Experience and Graphic Design Process – Unformed Thoughts
As part of some recently expansive thinking, I’ve been jamming on the following theme recently as follows. So far, I’ve got some thoughts, but no good solutions, on streamlining the experience and graphic design process overall.
I was thinking about one of our projects (referred to here as “Project X”) in which we delivered HTML and flat graphic “prototypes” for the purposes of user testing, client approval, etc. during the design phase.
Ideally, the prototyping work would be kept in synch with the functional design in a similarly programmatic way as the content requirements were to the experience design (i.e. translating the page layouts to standard modules via an XML schema). In practice, this was achieved through verbal communication between the EAs and the graphic design/HTML team, without any formal link between the assets used by each group (either module layouts or even page templates). This somewhat haphazard system worked to an extent, but there were misunderstandings between those constructing the “look and feel” and those specifying the functional design that would eventually define the actual user experience. Feedback from the results of prototyping was also difficult since there was no common vocabulary either to define or describe page elements.

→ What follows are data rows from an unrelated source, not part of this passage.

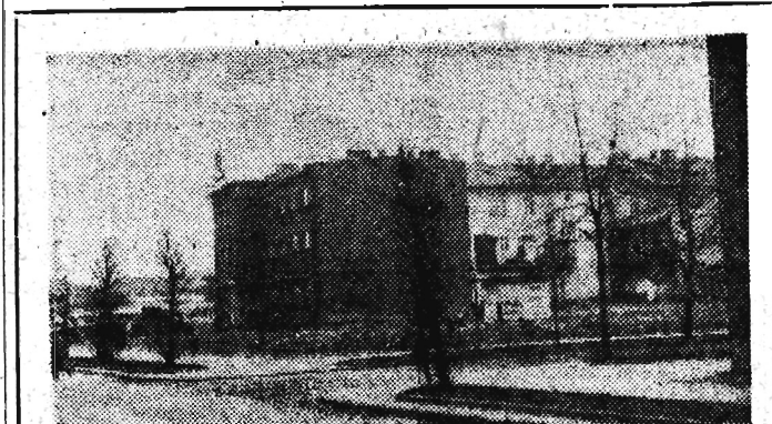
Puste dziś place budowlane, w najbliższym pięcioletciu staną się terenem rozwiniętego budownictwa.

Zwiększenie częstotliwości kursów ułatwi poważnie dojazd kilkuset ludziom do zakładów pracy i szkół. List w tej sprawie przysłany do naszej redakcji podpisał 70 osób. Jest to zatem dość pokaźne grono, szliśmy więc, że MPK podobnie - jak inne - uwzględni również i tę propozycję.
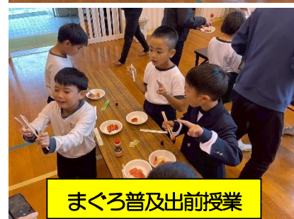
まぐろ普及出前授業
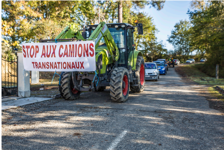
Les anti-poids lourds de la région de Nogaro à Philippe Martin
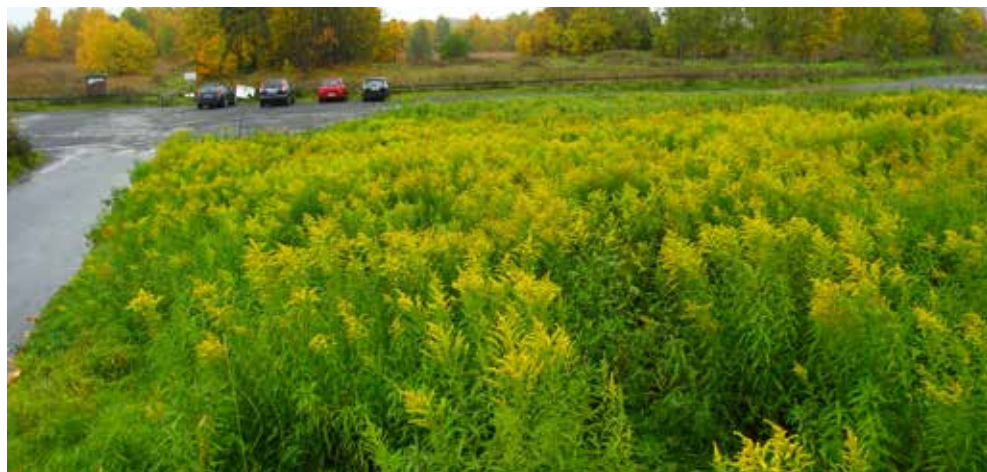
Kanadagullris sprer seg med frø og krypende jordstenger, og danner ofte tette bestander.
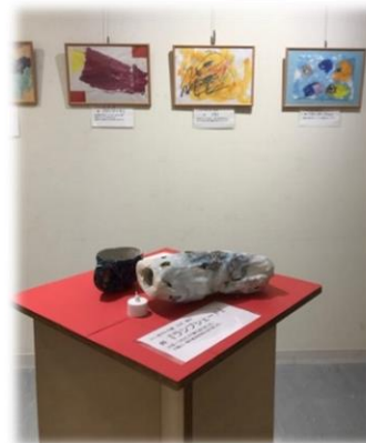
右の写真はい〜まART CLUB作品展の様子です
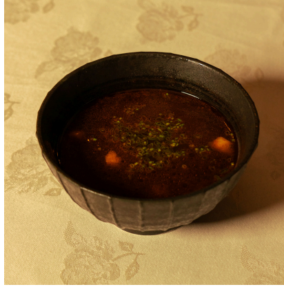
Spicy seafood soup سبايسي سي فود سوب

Mixed seafood with shrimp, scallops, and calamari in dashi broth مزيج من المأكولات البحرية يحتوي على روبيان، إسكالوب، وكاليماري في مرق داشي
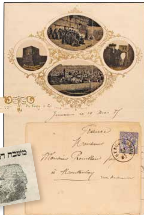
מכתב ועליו תמונות זהות לשונתא, 1885

בכסף נדונייתם שהמציאו להם מירושלים קנו החברים מכונה ומכשירים למלאכה זו. אף רכשו להם אבנים שתמונות המקומות הקדושים בארץ-ישראל חקוקות עליהן, ובהן שבו
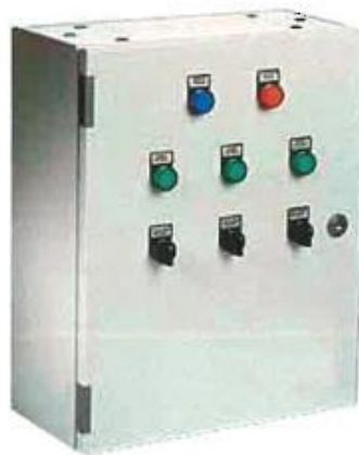
Tablero de fuerza y control (Referencial)
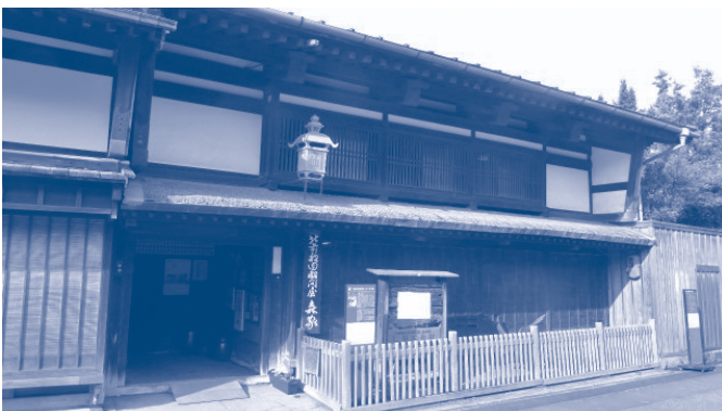
日本遺産「北前船」の文化財として追加認定された旧森家住宅
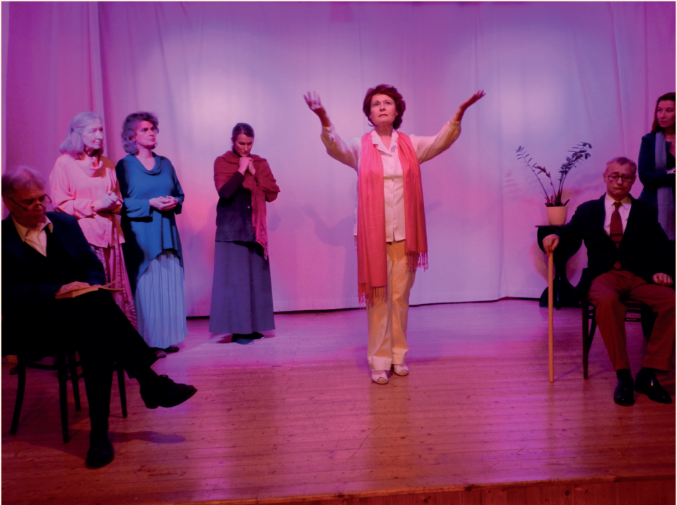
Die Vision der Theodora (1. Bild)

Einen sehr wesentlichen Bestandteil unserer Inszenierung bildet die Lichtgestaltung. Die Seele lebt und webt in flutenden Farben, welche die bewusst sehr karg ausgestattete Bühne beleben und zum Spiegel der wechselnden seelischen Stimmungen der handelnden Personen machen. Goethe nennt das in seiner Farbenlehre die „sinnlich-sittliche Wirkung der Farben“. Die Färbungen des Bühnenraumes geben dabei zunächst eine jeweils ganz bestimmte Grundstimmung vor, die sich aber durch das Spiel und die Rede der Darsteller im Erleben des Publikums beständig in feinen Graden lebendig nuanciert, besonders auch dadurch,
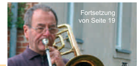
Fortsetzung von Seite 19
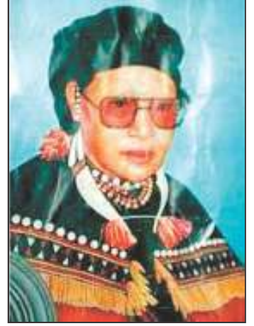
चित्र 9 – रानी गिंडाल्यू

जादोनांग ने अपनी तेरह वर्षीय चचेरी बहन गिंडाल्यू के साथ मिलकर एक भूमिगत आन्दोलन की योजना बनायी और नागा राज्य की स्थापना का प्रयास शुरू किया। इसमें जादोनांग को काफी सफलता मिल गयी। लेकिन अंग्रेजी सरकार को इसकी भनक मिल गयी। अतः एक हत्या के मामले में फंसा कर 29 अगस्त 1929 को अंग्रेजों ने उसे फांसी की सजा दे दी। आन्दोलन इसके बावजूद भी थमा नहीं। गिंडाल्यू ने इसे जारी रखा। अंग्रेजों द्वारा सन् 1932 में इस आन्दोलन को भी दबा दिया गया और गिंडाल्यू को आजीवन कारावास की सजा सुनाई गयी। सन् 1947 में आजादी मिलने के बाद उसे रिहा किया गया। गिंडाल्यू ने अंग्रेजी सरकार की दमनकारी कानूनों
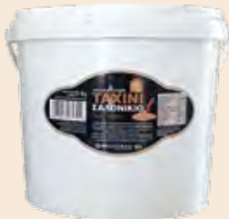
Ταχίνι / Sesame Cream Κουβάς / Bucket
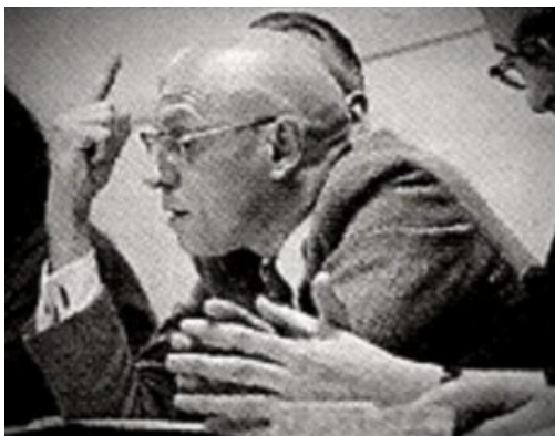
Michel Foucault

Manchmal ist es schwierig zwischen der Corona-Realität 2020 und der dystopischen Vision zu unterscheiden. Ist der folgende Satz einer der Zeh'schen Fiktion oder einer der Drosten & Co Realität?: „Wenn wir aufhören, gemeinsam an Sicherheit und Sauberkeit zu arbeiten, gibt es binnen weniger Wochen eine [neue, zweite] Epidemie.“

A partial solution to this is being used on the XYZ project. A Freehand “asset library” has been created by the graphic design team that allows EAs to build page layouts on a set of pre-defined templates to create near pixel-perfect “wireframes” which are very close to what will be rendered into HTML. These are complete with graphics (either final versions or placeholders) and indicative content. The graphic design team can update these assets as part of their work, with any changes automatically reflected in the Freehand pages. These “wireframes” are therefore actually design prototypes made in a joint effort between EAs and designers, and presented to the client as such (as PDFs). The primary advantage of this process is that the experience design cannot significantly diverge from the graphic design.
However, this is really only a graphic design solution. Freehand does not allow the attachment of documentation to the assets in the library, nor does it talk to the outside world. Business rules, functional requirements and any other necessary description of the modules and templates will therefore have to be done separately by annotating the modules and providing the necessary documentation against those annotations by hand in the traditional way. There will therefore be problems such as incorrect element numbering, document management and other housekeeping issues that were experienced on Project X and will need to be overcome in the same way on XYZ. It is also unclear how the documentation of the modules will affect the graphic design process, since annotations placed into the Freehand pages will “corrupt” the graphical page designs. Depending on the number of subsequent iterations, it may be that the graphic design will then start to diverge from the specification work, and the same problems that existed with Project X will return. Freehand also does not allow good interaction prototyping, and there are also problems with using Freehand documents in a shared environment; managing the asset library and with the weak document housekeeping functions (no paragraph or page numbering, for example). On PCs, there are significant performance and stability issues.
Unlike software development, TV and film production, or many other fields of activity such as architecture or industrial design, new media development lacks an “IDE” (integrated development environment). This, combined with the above problems, is why I became interested in Ubiquity RP, which seems to be a contender for the position of New Media IDE. Not only does it work by the same “asset library” principle, but also supports the detailed documentation of the assets created. The resulting pages built from the assets can be exported as an HTML prototype (optionally annotated with JavaScript tool tips) to demonstrate clickable interactions from page to page (via links, drop-downs, form submissions, etc.) at the same time as graphical layouts. It can also export a “documentation view” of the modules as a Word file, a feature which in future versions may be enhanced to include spreadsheets and/or XML.
Unfortunately, Ubiquity is not yet mature or flexible enough for serious use. While it doesn’t need to be a graphic design tool or replacement for Freehand (which would still need to be used to create and update graphical assets before loading these into Ubiquity’s library), it does need to provide more functionality than it currently has in order to be valuable enough to consider using on a live project. I have been in correspondence with the authors, and have suggested improvements, some of which they appear keen to implement, but others less so. In general, however, they are very much on the right lines and may provide a means in the future to allow the synchronisation of experience and graphic design, documentation, prototyping and (via integration with the Project X design artefacts) content collation and the programmatic creation of a solid basis for the build phase. It would be difficult to underestimate the positive impact of that on most projects.